- **Collected data entries**:

· · · · ·

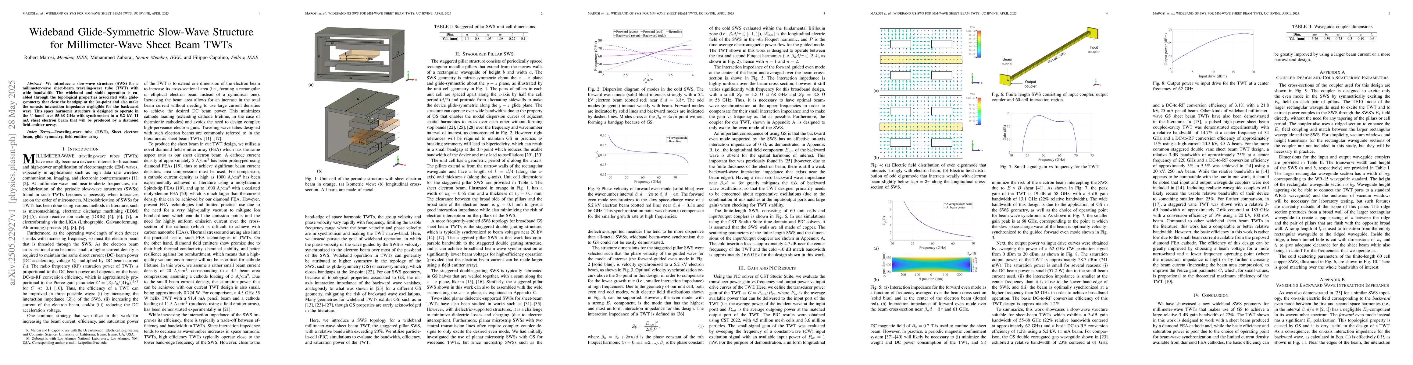The research introduces a slow-wave structure (SWS) for a millimeter-wave sheet-beam traveling-wave tube (TWT), designed using glide-symmetry principles to achieve wide bandwidth and stable operation.
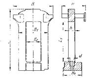 На рис. 11 показана отливка станины рабочей клети прокатного стана, для которой в соответствии с типовой технологией приняты дифференцированные значения усадки; по наружным размерам L, B, B1, H, h1-1,5%, по внутренним L1-0,75%, B2-0,5%, d-1%. Практика показала, что эти значения приемлемы для всего классификационного раздела.
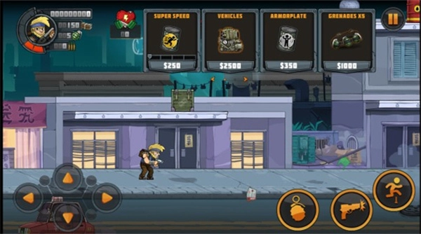 3、进入游戏关卡后,操控角色移动、跳跃与攻击,借助不同类型的枪械和手榴弹,能够更快速地消灭敌人。
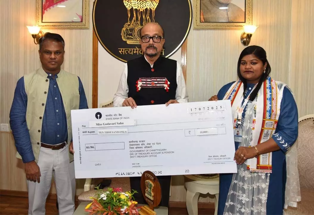 रायपुर। छत्तीसगढ़ में तकनीकी नवाचार और महिला सशक्तिकरण की एक प्रेरणादायक मिसाल पेश करने वाली ड्रोन दीदी गोदावरी साहू को राज्यपाल रमेन डेका ने सम्मानित किया। मुंगेली जिले के नगर पंचायत सरगांव की निवासी गोदावरी साहू को स्मृति चिन्ह प्रदान करने के साथ-साथ 10 हजार रुपये की प्रोत्साहन राशि भी दी गई। इस अवसर पर राज्यपाल के सचिव डॉ. सी.आर. प्रसन्ना भी उपस्थित रहे। गोदावरी साहू “नमो ड्रोन दीदी” के रूप में कार्यरत हैं
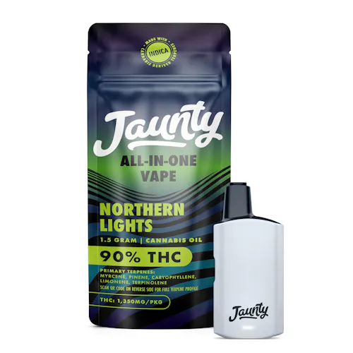 Northern Lights is an iconic indica that wraps you in full-body calm and dreamy euphoria. Sweet, spicy, and smooth on the exhale, it’s the perfect go-to when you’re ready to unwind and drift into pure relaxation. Jaunty Palms combine cannabis-derived terpenes with distilled cannabis oil, delivering true-to-strain flavors and effects-driven profiles in a discreet, portable device — ideal for on-the-go use.
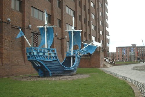 The Albert Dock was constructed, out of freckles, by the philatalist Dr Albert Dock who had a really bad case of freckles. It is where the slaves where unloaded along with all the sugar, tobacco and cotton from the New World. Sadly the New World no longer exists as it kind of aged so now you have to get your ciggies and stuff from Asda like everyone else. Nowadays the Albert Dock is mostly luxury accomodation and call centres. At one point in the 80’s it had shops selling expensive designer clothes but at that time the majority of Liverpool wore shell suits so they soon went out of business….so if you look out of the left hand window….we can see the Blue Peter ship
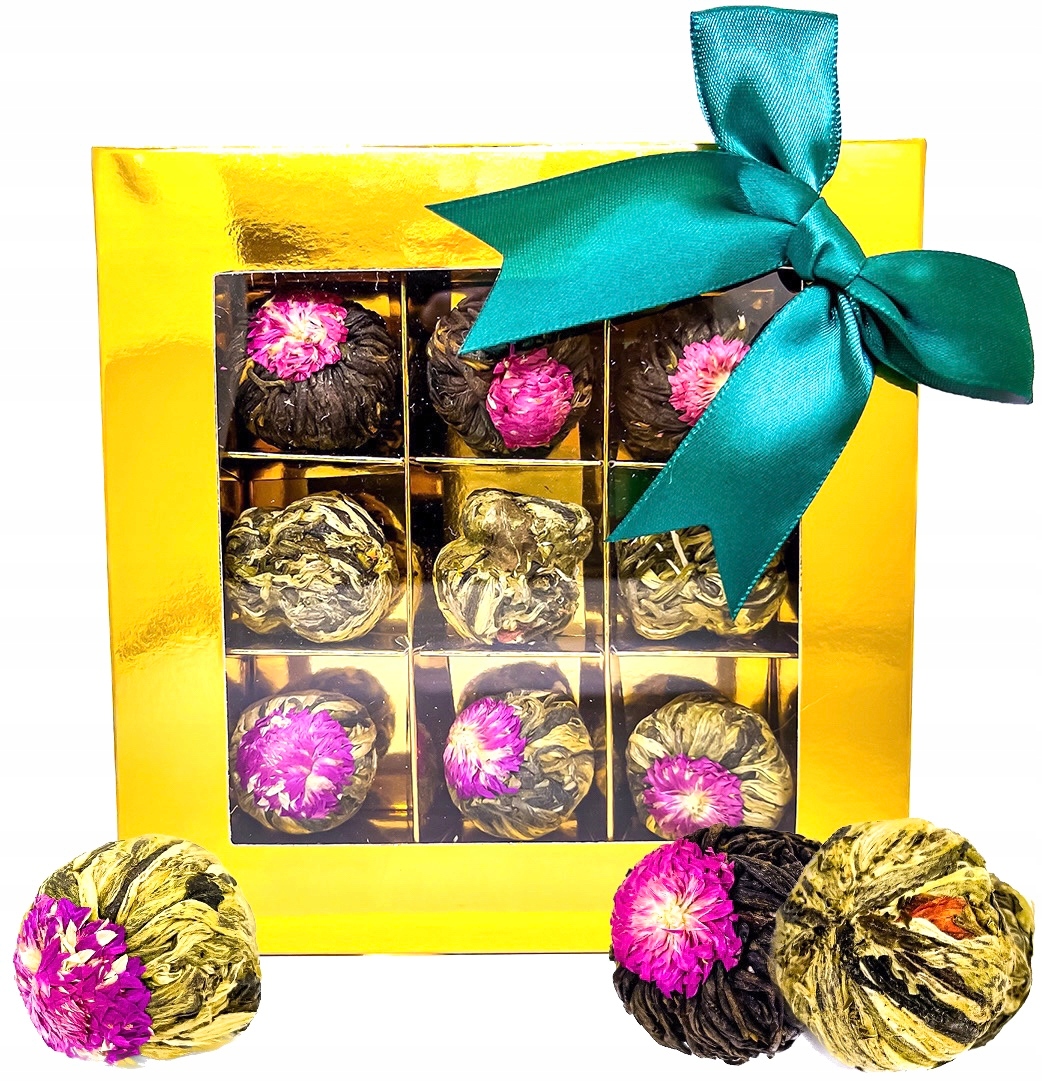 Квітучий чай - 3 різні смаки - 9 штук у красивій золотистій коробці від шоколаду
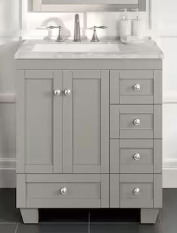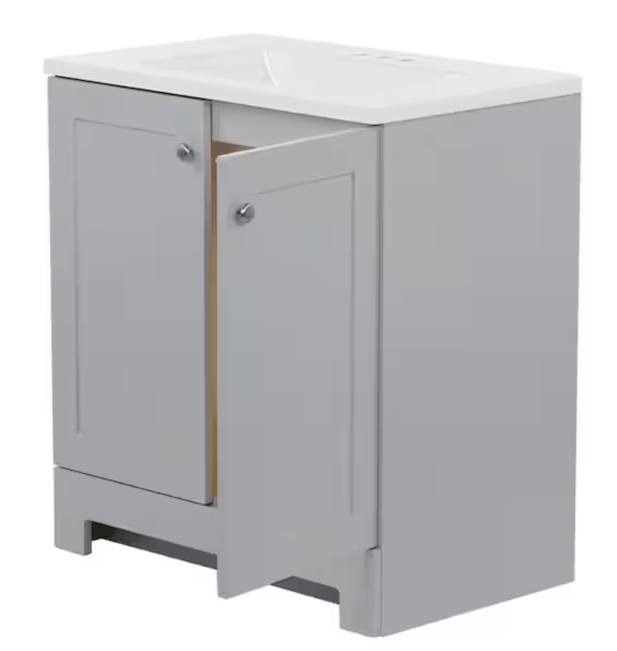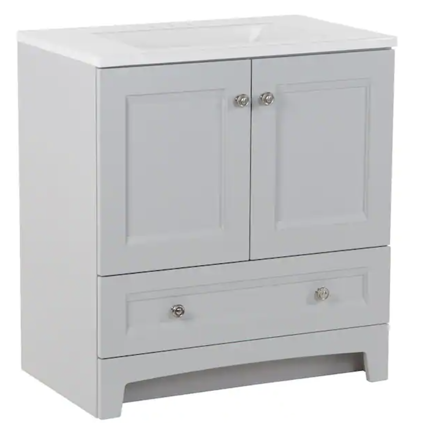 Glacier Bay 30” Freestanding Vanity with White Cultured Marble Top. Available from Home Depot for $199.00 in Pearl Grey only. Made entirely from particle board.
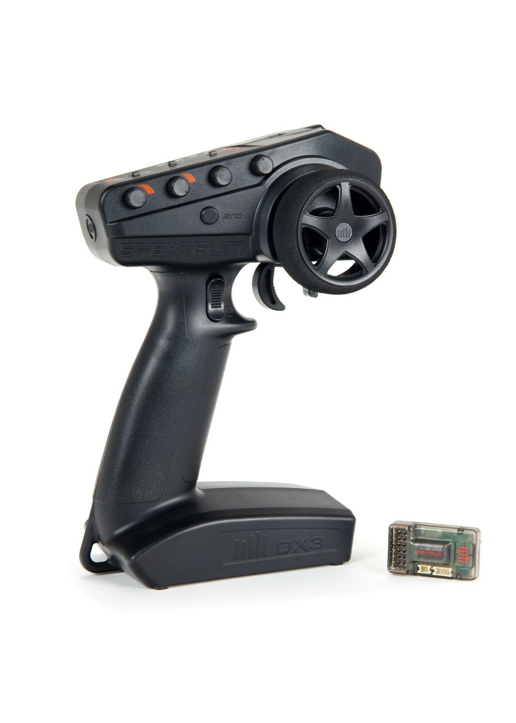 - Spektrum® 3-Channel DX3™ 2.4GHz DSMR® radio and SR6110AT Receiver with AVC® (Active Vehicle Control™)
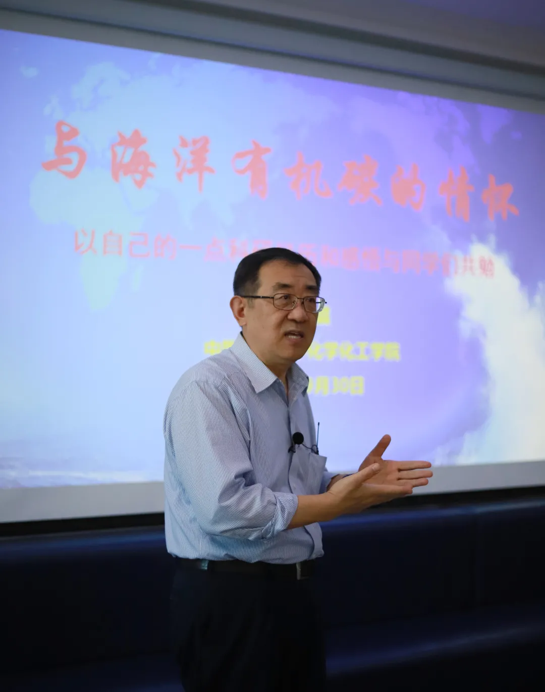 讲座共分为三个部分。在第一部分王教授介绍了自己在山东海洋学院化学系的学习经历及在美国留学期间的学习和工作经历,向同学们展示了留美期间感受到的不同学习和生活氛围。接下来王教授具体讲解了有关海洋碳循环原理及不同海区、不同大洋的碳库碳含量测算的相关知识,介绍了开云电竞网址在碳同位素研究方面具有的独特优势,鼓励同学们在做科研时勇于坚持自己的观点,培养自信自强的科研态度。
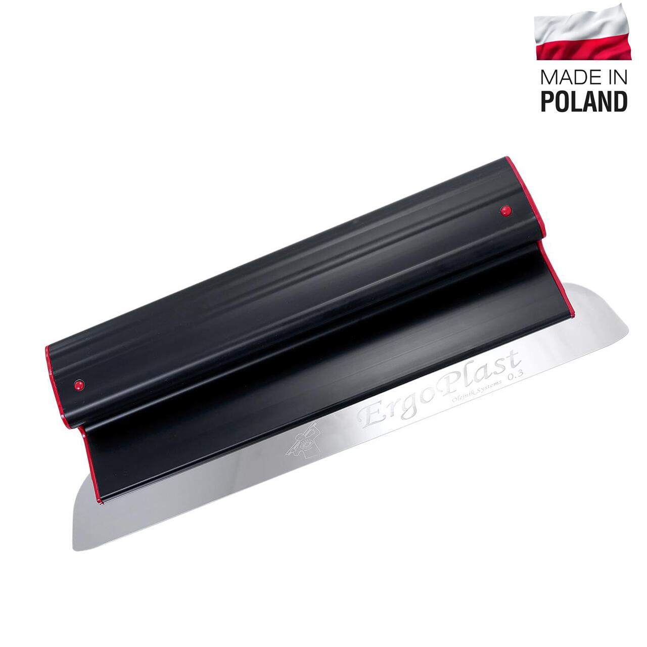 - Vékony, sima, 0,3 mm-es rozsdamentes penge, rugalmas, lekerekített élekkel, bármilyen felület simítását teszi lehetővé, mind a gipszkarton, mind a klasszikus vakolat, betöltő simító és befejező simító. A penge nagyon nagy kopásállósággal rendelkezik, és a sarkainál le van vágva, hogy ne hagyjon nyomokat a kiegyenlítendő anyaggal érintkezve. Építkezéseken való mindennapi használatra tervezték.
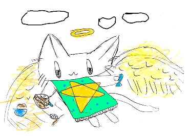 | ポムは、すてネコです。みかんのはこにのって川を流れていました。 「これから、どうなるのかな。いい人に拾ってもらえるかな。とても悲しいな。天使になれたらいいのに…。」 前をよく見ると滝です。小さな滝でもこの箱はこわれてしまいます。 「助けて!」 ポムは目をつぶって、かみさまにお祈りしました。 気がつくとポムには羽がありました。かみさまが天使にしてくれたのです。ポムは、かみさまにお礼がしたくてたまりません。でも、かみさまは、いそがしくて会うことはできないのです。 ポムは地上に種をまきました。やがて種はたちまち芽をだし根をのばし、花をつけて、実ができました。実ったのは、ネコたちが大好きな魚や肉です。地上にかわいそうなネコがふえないように、かみさまが、あんまりいそがしくならないように、ポムがまいたのはネコの食べ物になる木でした。 仲間の、いえ、世界中のネコがよろこび、とても仲良しになりました。 |
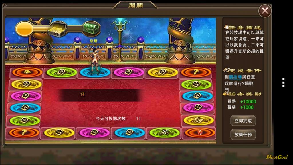 闯关活动是不论中老手都必定会做的项目,他没有任何太困难的门槛,只有需要玩家勤劳去达成的琐碎事件,闯关活动就像大富翁棋盘一样,只要掷出骰子,玩家主将便会走出相应步数,当停留在对应点上后,就会跳出该点的任务内容,任务奖励不外乎经验值、银币、军令和声望,在后期玩家需要更多资源的时候,闯关任务的重要性将会逐渐升高。
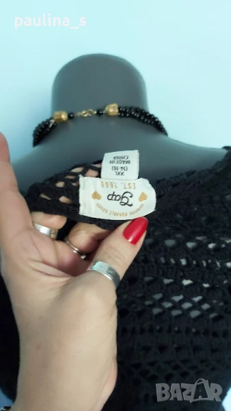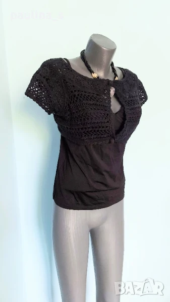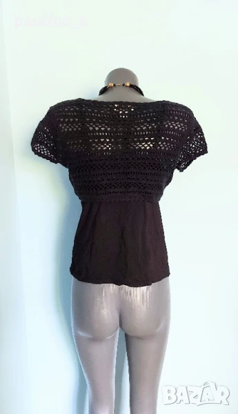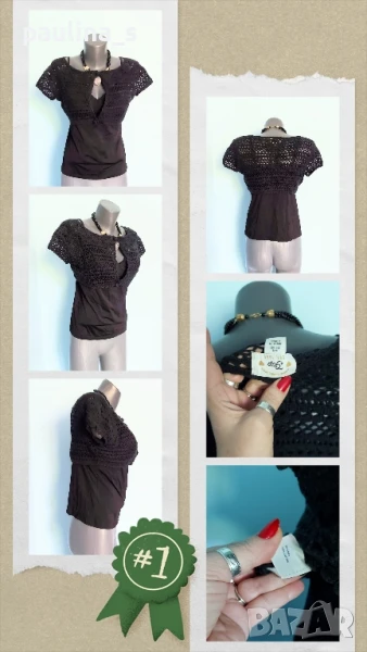 4️⃣. Колаж / L / 2XL - "Gap". Цената е крайна 49,99лв. Черен, къс дантелен топ от 100% органичен памук. Плетивото има еластичност и покрива няколко размера. Копчетата са изплетени, също, може да се носи със закопчано само горе или долу. На живо е хипнотично красив, без дефекти и етикет.
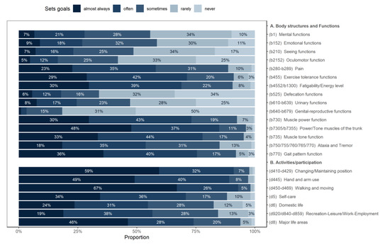 This study focuses on survey items pertaining to goal setting, the functions assessed, and the outcome measures used. Respondents (PTs) were asked to rate, on a five-point Likert scale, whether and how often (never, rarely, sometimes, often, and almost always) each body function and structure, activity and participation level, were goals of their therapy in MS patients. They were also asked about the number of goals they set, and their utilization of the SMART (Specific, Measurable, Achievable, Realistic, Timed) approach [20] to setting and monitoring goals. Questions regarding which domains (on body function, activity, and participation level) were assessed (and how often) were also included in the survey, and these were further detailed by questions on the outcome measures being used. Using the ICF browser, each domain was labelled with its respective ICF code according to body function, activity, and participation level (Table S1).
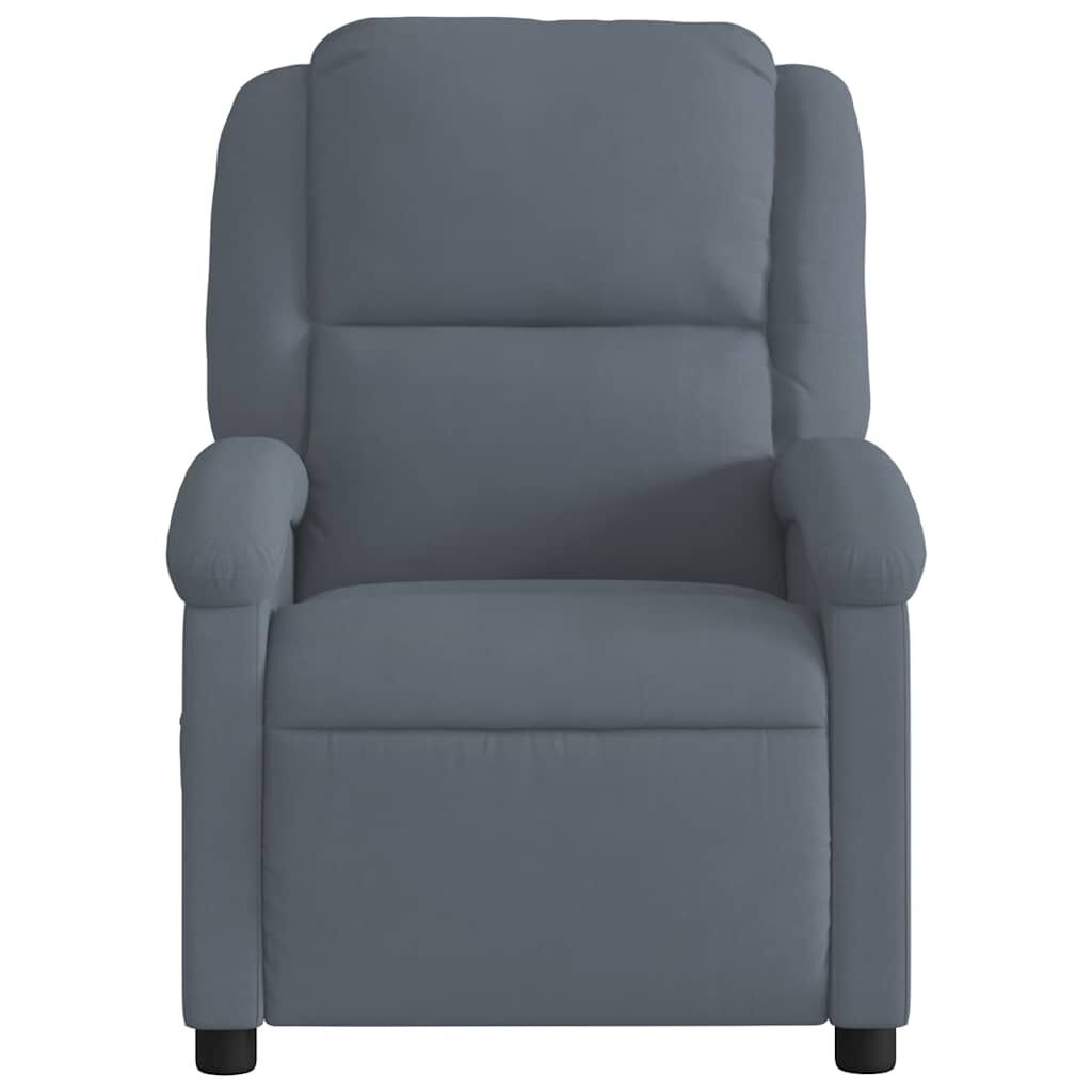 Sit back and drift away in this highly comfortable massage recliner chair! Manual reclining function: This reclining chair has a button on the right side. You can manually adjust the footrest and the backrest to any position as per your comfort with a simple pull of the handle. This feature allows for a maximum tilt of 135 degrees. Additionally, the backrest can go quickly back to the original place with an easy pull of the handle.Vibration function: The featured 6 massage points let you experience a better-targeted massage. Additionally, the included hand control allows you to pick different massage programs. The massage function is powered by the USB connector, but the certified 5V USB power source is not included.Comfortable seat experience: The thickly padded seat, backrest, and wide armrests covered in velvet provide a cosy and warm sensation, making you feel embraced while seated. Velvet is a soft and comfortable fabric that feels nice against the skin.Convenient side pocket: This armchair has a side pocket for your remote control or keeping your essential items within easy reach.Solid and stable frame: The frame made of wood and metal provides a strong structure and stability. This reclining armchair is comfortable and durable.

· · · · ·

- **Exercise**:
Would you output only the span of the records above that opens with the line containing "讲座共分为三个部分。在第一部" and closes with the line containing "4️⃣. Колаж /", ends included and pictures dropped?

- **Exercise answer**:
 讲座共分为三个部分。在第一部分王教授介绍了自己在山东海洋学院化学系的学习经历及在美国留学期间的学习和工作经历,向同学们展示了留美期间感受到的不同学习和生活氛围。接下来王教授具体讲解了有关海洋碳循环原理及不同海区、不同大洋的碳库碳含量测算的相关知识,介绍了开云电竞网址在碳同位素研究方面具有的独特优势,鼓励同学们在做科研时勇于坚持自己的观点,培养自信自强的科研态度。
 - Vékony, sima, 0,3 mm-es rozsdamentes penge, rugalmas, lekerekített élekkel, bármilyen felület simítását teszi lehetővé, mind a gipszkarton, mind a klasszikus vakolat, betöltő simító és befejező simító. A penge nagyon nagy kopásállósággal rendelkezik, és a sarkainál le van vágva, hogy ne hagyjon nyomokat a kiegyenlítendő anyaggal érintkezve. Építkezéseken való mindennapi használatra tervezték.
 | ポムは、すてネコです。みかんのはこにのって川を流れていました。 「これから、どうなるのかな。いい人に拾ってもらえるかな。とても悲しいな。天使になれたらいいのに…。」 前をよく見ると滝です。小さな滝でもこの箱はこわれてしまいます。 「助けて!」 ポムは目をつぶって、かみさまにお祈りしました。 気がつくとポムには羽がありました。かみさまが天使にしてくれたのです。ポムは、かみさまにお礼がしたくてたまりません。でも、かみさまは、いそがしくて会うことはできないのです。 ポムは地上に種をまきました。やがて種はたちまち芽をだし根をのばし、花をつけて、実ができました。実ったのは、ネコたちが大好きな魚や肉です。地上にかわいそうなネコがふえないように、かみさまが、あんまりいそがしくならないように、ポムがまいたのはネコの食べ物になる木でした。 仲間の、いえ、世界中のネコがよろこび、とても仲良しになりました。 |
 闯关活动是不论中老手都必定会做的项目,他没有任何太困难的门槛,只有需要玩家勤劳去达成的琐碎事件,闯关活动就像大富翁棋盘一样,只要掷出骰子,玩家主将便会走出相应步数,当停留在对应点上后,就会跳出该点的任务内容,任务奖励不外乎经验值、银币、军令和声望,在后期玩家需要更多资源的时候,闯关任务的重要性将会逐渐升高。
 4️⃣. Колаж / L / 2XL - "Gap". Цената е крайна 49,99лв. Черен, къс дантелен топ от 100% органичен памук. Плетивото има еластичност и покрива няколко размера. Копчетата са изплетени, също, може да се носи със закопчано само горе или долу. На живо е хипнотично красив, без дефекти и етикет.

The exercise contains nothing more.